There is "no evidence" that professors at Columbia University made anti-Semitic statements to intimidate Jewish students in classes, according to a university report released Thursday.
But the report did identify one instance where a professor "exceeded commonly accepted bounds" of behavior when he angrily implied a student should leave his classroom after she defended Israel's conduct toward Palestinians. The professor has repeatedly denied the allegations.
The findings discounted all other reported incidents of intimidation as within the bounds of acceptable academic debate.
"Many of the matters brought before us did not, in our opinion, constitute the basis for formal grievances but were issues that warranted sympathetic hearing and an appropriate university response," said the report.
"We therefore recommend consideration of a common, central university site to which students, faculty and administrators could turn to express concerns, though not necessarily grievances, about the quality of their experience at Columbia," it said.
The committee criticized the university for failing to address the complaints promptly enough, allowing "outside advocacy groups devoted to purposes tangential to those of the university ... to intervene."
The university's president, Lee Bollinger, ordered the investigation after a group of students made a video alleging that Middle Eastern studies professors had harassed them. The video was funded by the David Project, a Boston-based pro-Israel group.
The committee interviewed 62 students, faculty members, administrators and alumni, and accepted written statements from more than 60 others. Some advocates of the students have criticized the committee's makeup, noting it included several faculty members who have expressed anti-Israel views.

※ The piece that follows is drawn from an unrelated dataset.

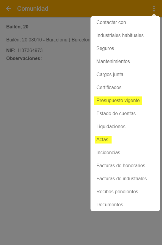 El menú de opciones es éste. Destacamos en amarillo las opciones que son exclusivas de comunidades y macrocomunidades.

"Our investigation into the matters considered in this report leads us to urge that whatever the particular structures adopted in each unit, they be accessible, transparent, geared toward the speedy resolution of complaints and the appropriate protection of privacy, and that the university devise ways to educate all members of the community as to their existence and proper use," the report said.
"Having good procedures in place is imperative, but widespread knowledge about them is equally important," said the report.